# DATA SEGMENT
Segment Open
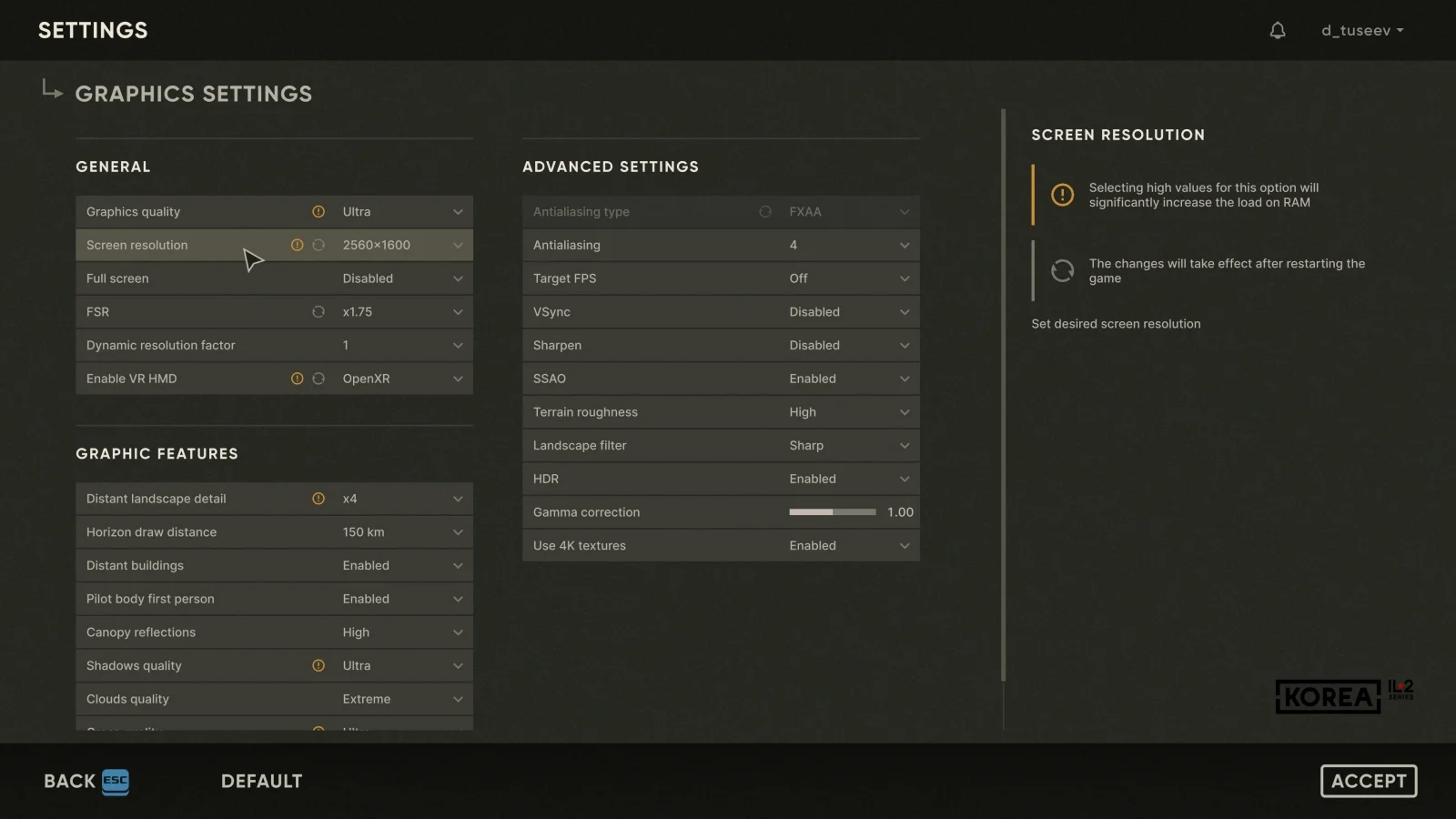 Aapje Posted Friday at 07:56 PM Posted Friday at 07:56 PM To be honest, the settings changes seem a bit meh. Very similar to the old settings. No DLSS is a big bummer. Would really like to try DLSS 4 in IL-2 given how much it helps many VR players in a competitor combat flight sim. Native OpenXR is very nice, though. On the other hand, I never had huge issues with the old settings and keeping it similar is better than an innovative new GUI that is actually worse, like a certain competitor flight sim did for their 2024 early access release. The overall map looks very busy now, although this is almost certainly due to how hilly Korea is. It's probably better in the close up view and should be better in future modules with less mountains. I wonder if there is a solution to the overlapping GUI elements that were often an issue on the GB map if lots of stuff was close together. For example, overlapping waypoint text, so it was impossible to read the information of either waypoint. Or the impossibility to see exactly what ground units died, when a bunch of them died close together. PS. There is an error in the keymapping screenshot, one of the keyboard assignments has the Russian word for keyboard next to it. 1
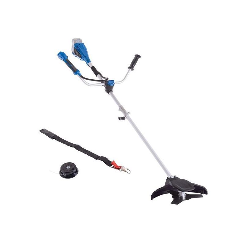 To je bežični 2-u-1 alat koji radi kao trimer sa strunom i kao kosa za šikaru s metalnim nožem. Operativno: struna je za rubove travnjaka i finije košenje, dok je nož s 3 zuba za visoku travu, korov i gušće raslinje gdje struna brzo puca i troši se.
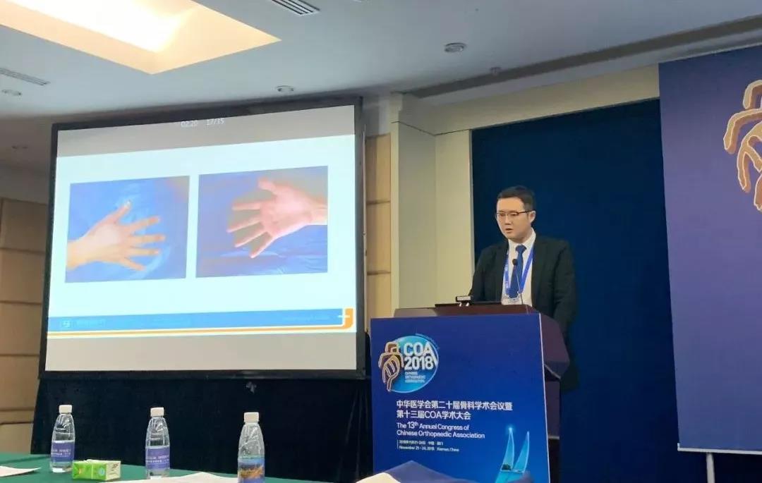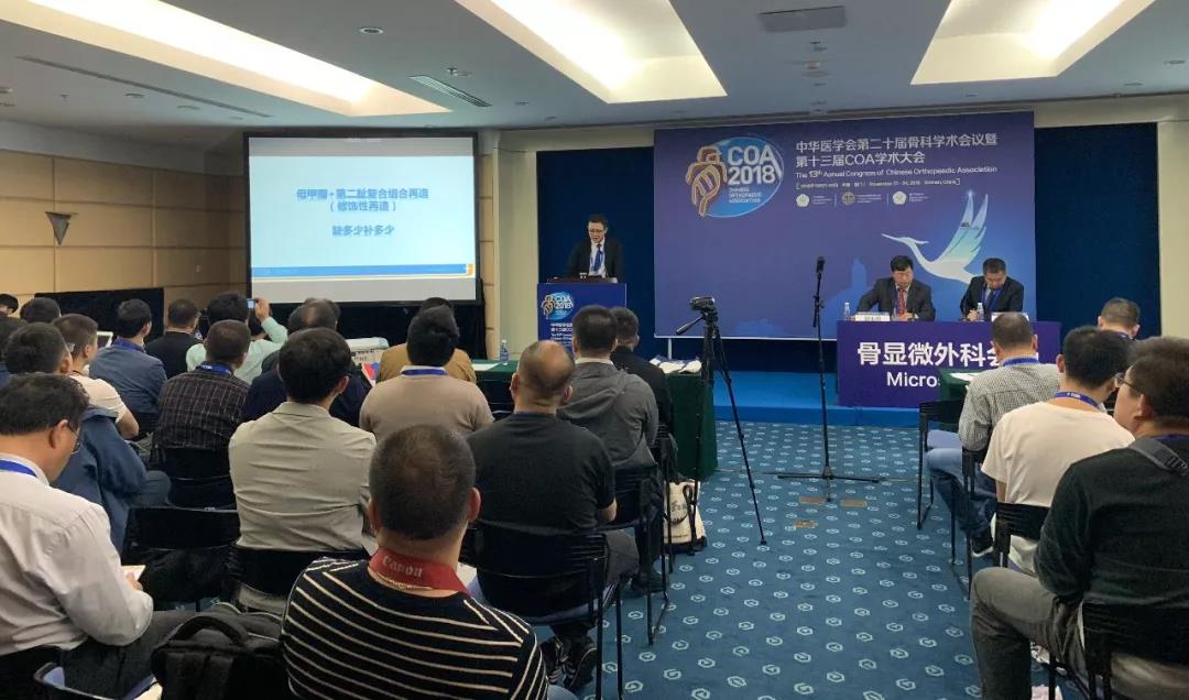 大会主办方精心筹办,骨科同仁齐聚一堂。国内外最顶尖医师以大会发言、专题研讨、病例讨论、手术演示及壁报展示等多种交流形式,集中展示了我国骨科过去一年最新技术与研究进展。22日下午,曙光医院骨一科邓名山主任在骨显微外科会场上发言,邓主任对三种不同方法的足趾及足趾复合组织在拇指Ⅲ、Ⅳ度缺损再造中的应用(其中第二足趾再造(14例)、母甲瓣+第二趾复合组合再造(10例)、全形再造(8例))进行了精彩的演讲,展现了曙光医院在骨显微外科领域所做的努力和取得的成果。邓主任的发言赢得了骨科同仁们的阵阵掌声和赞许。
Segment Closed
# WHAT YOU HAVE TO DO
With the pictures removed, return the data above word for word.

# RESPONSE TO THE TASK
 Aapje Posted Friday at 07:56 PM Posted Friday at 07:56 PM To be honest, the settings changes seem a bit meh. Very similar to the old settings. No DLSS is a big bummer. Would really like to try DLSS 4 in IL-2 given how much it helps many VR players in a competitor combat flight sim. Native OpenXR is very nice, though. On the other hand, I never had huge issues with the old settings and keeping it similar is better than an innovative new GUI that is actually worse, like a certain competitor flight sim did for their 2024 early access release. The overall map looks very busy now, although this is almost certainly due to how hilly Korea is. It's probably better in the close up view and should be better in future modules with less mountains. I wonder if there is a solution to the overlapping GUI elements that were often an issue on the GB map if lots of stuff was close together. For example, overlapping waypoint text, so it was impossible to read the information of either waypoint. Or the impossibility to see exactly what ground units died, when a bunch of them died close together. PS. There is an error in the keymapping screenshot, one of the keyboard assignments has the Russian word for keyboard next to it. 1
 To je bežični 2-u-1 alat koji radi kao trimer sa strunom i kao kosa za šikaru s metalnim nožem. Operativno: struna je za rubove travnjaka i finije košenje, dok je nož s 3 zuba za visoku travu, korov i gušće raslinje gdje struna brzo puca i troši se.
 大会主办方精心筹办,骨科同仁齐聚一堂。国内外最顶尖医师以大会发言、专题研讨、病例讨论、手术演示及壁报展示等多种交流形式,集中展示了我国骨科过去一年最新技术与研究进展。22日下午,曙光医院骨一科邓名山主任在骨显微外科会场上发言,邓主任对三种不同方法的足趾及足趾复合组织在拇指Ⅲ、Ⅳ度缺损再造中的应用(其中第二足趾再造(14例)、母甲瓣+第二趾复合组合再造(10例)、全形再造(8例))进行了精彩的演讲,展现了曙光医院在骨显微外科领域所做的努力和取得的成果。邓主任的发言赢得了骨科同仁们的阵阵掌声和赞许。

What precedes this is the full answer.